== EXTRACTED MATERIAL ==

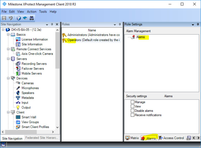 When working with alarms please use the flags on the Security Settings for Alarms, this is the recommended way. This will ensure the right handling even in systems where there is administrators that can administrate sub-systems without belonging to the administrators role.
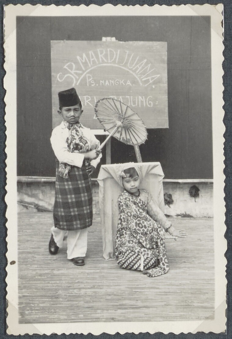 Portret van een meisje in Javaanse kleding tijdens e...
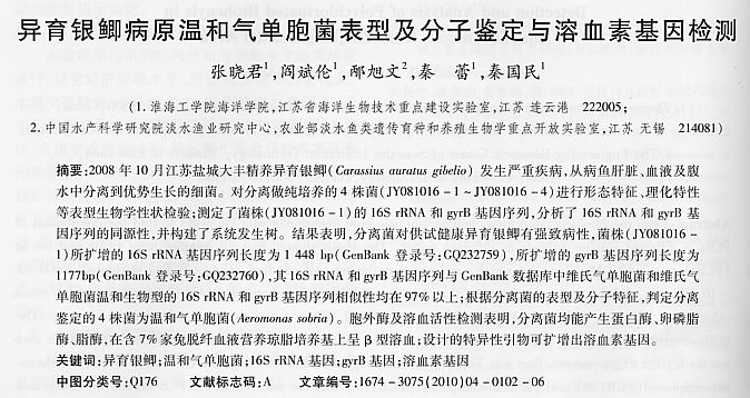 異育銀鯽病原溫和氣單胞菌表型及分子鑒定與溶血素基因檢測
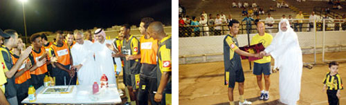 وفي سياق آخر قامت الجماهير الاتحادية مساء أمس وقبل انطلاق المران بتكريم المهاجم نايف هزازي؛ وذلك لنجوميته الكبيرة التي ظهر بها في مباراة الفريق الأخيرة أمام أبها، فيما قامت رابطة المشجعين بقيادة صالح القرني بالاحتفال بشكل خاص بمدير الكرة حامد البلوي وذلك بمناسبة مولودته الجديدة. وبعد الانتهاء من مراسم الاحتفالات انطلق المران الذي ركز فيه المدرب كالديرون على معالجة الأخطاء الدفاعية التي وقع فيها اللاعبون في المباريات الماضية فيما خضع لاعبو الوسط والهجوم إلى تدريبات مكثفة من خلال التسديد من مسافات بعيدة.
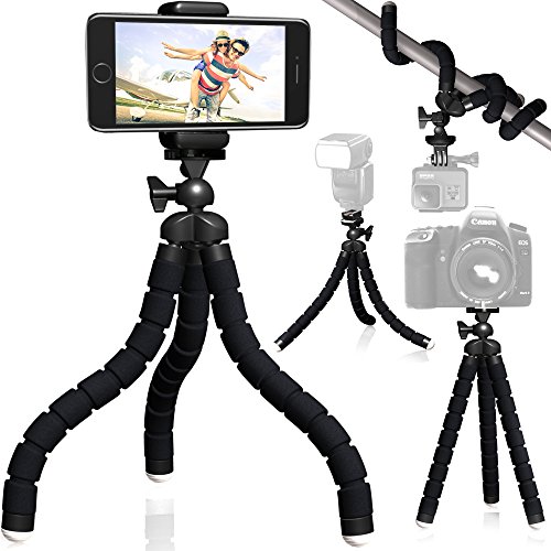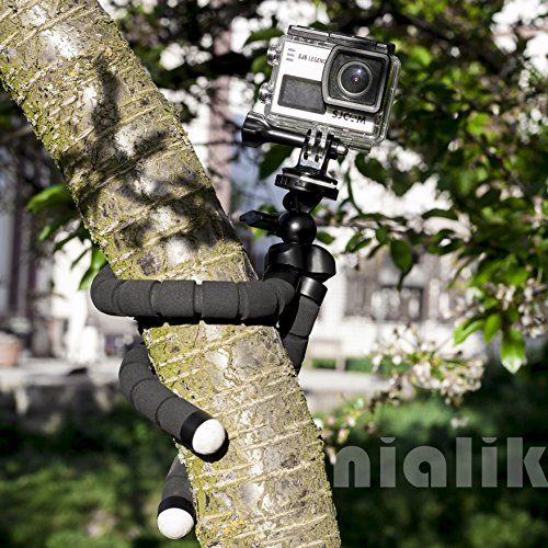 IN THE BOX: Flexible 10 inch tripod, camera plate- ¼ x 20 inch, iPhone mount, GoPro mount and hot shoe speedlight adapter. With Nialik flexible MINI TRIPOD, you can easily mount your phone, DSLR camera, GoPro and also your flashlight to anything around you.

===
== EXTRACTED MATERIAL ==

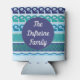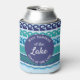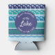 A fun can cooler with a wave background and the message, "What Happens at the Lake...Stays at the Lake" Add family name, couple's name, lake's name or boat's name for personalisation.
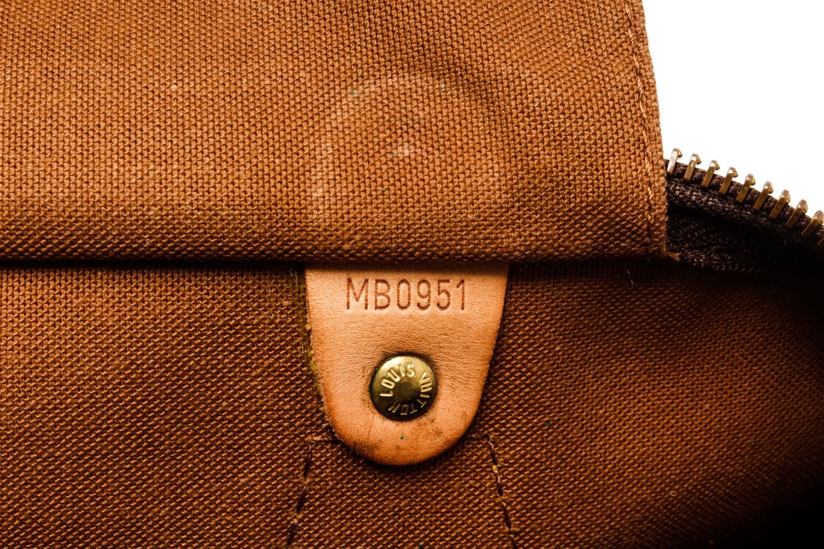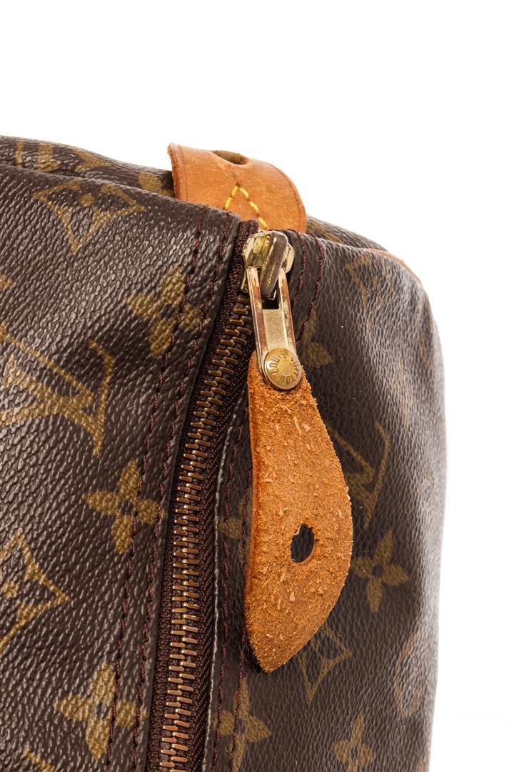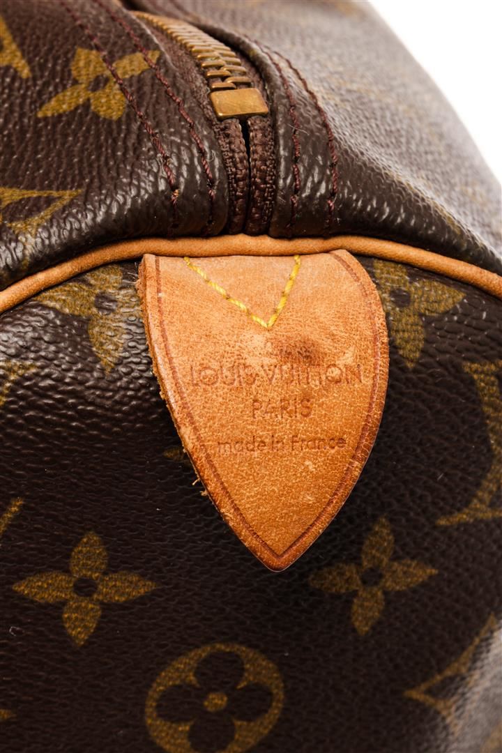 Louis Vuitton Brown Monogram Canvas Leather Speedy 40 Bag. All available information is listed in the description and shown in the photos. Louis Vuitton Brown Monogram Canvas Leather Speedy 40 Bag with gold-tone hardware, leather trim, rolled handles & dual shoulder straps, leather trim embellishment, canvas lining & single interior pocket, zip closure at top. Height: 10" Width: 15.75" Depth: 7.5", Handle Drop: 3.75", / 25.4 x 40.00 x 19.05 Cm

===

[TASK STATEMENT]:
Look above for the line with "異育銀鯽病原溫和氣單胞菌表型及分子鑒定與溶血素基因檢測" and the line with "IN THE BOX: Flexible". Give again exactly those two lines and all lines between them, pictures excluded.

[FINAL ANSWER]:
 異育銀鯽病原溫和氣單胞菌表型及分子鑒定與溶血素基因檢測
 وفي سياق آخر قامت الجماهير الاتحادية مساء أمس وقبل انطلاق المران بتكريم المهاجم نايف هزازي؛ وذلك لنجوميته الكبيرة التي ظهر بها في مباراة الفريق الأخيرة أمام أبها، فيما قامت رابطة المشجعين بقيادة صالح القرني بالاحتفال بشكل خاص بمدير الكرة حامد البلوي وذلك بمناسبة مولودته الجديدة. وبعد الانتهاء من مراسم الاحتفالات انطلق المران الذي ركز فيه المدرب كالديرون على معالجة الأخطاء الدفاعية التي وقع فيها اللاعبون في المباريات الماضية فيما خضع لاعبو الوسط والهجوم إلى تدريبات مكثفة من خلال التسديد من مسافات بعيدة.
 IN THE BOX: Flexible 10 inch tripod, camera plate- ¼ x 20 inch, iPhone mount, GoPro mount and hot shoe speedlight adapter. With Nialik flexible MINI TRIPOD, you can easily mount your phone, DSLR camera, GoPro and also your flashlight to anything around you.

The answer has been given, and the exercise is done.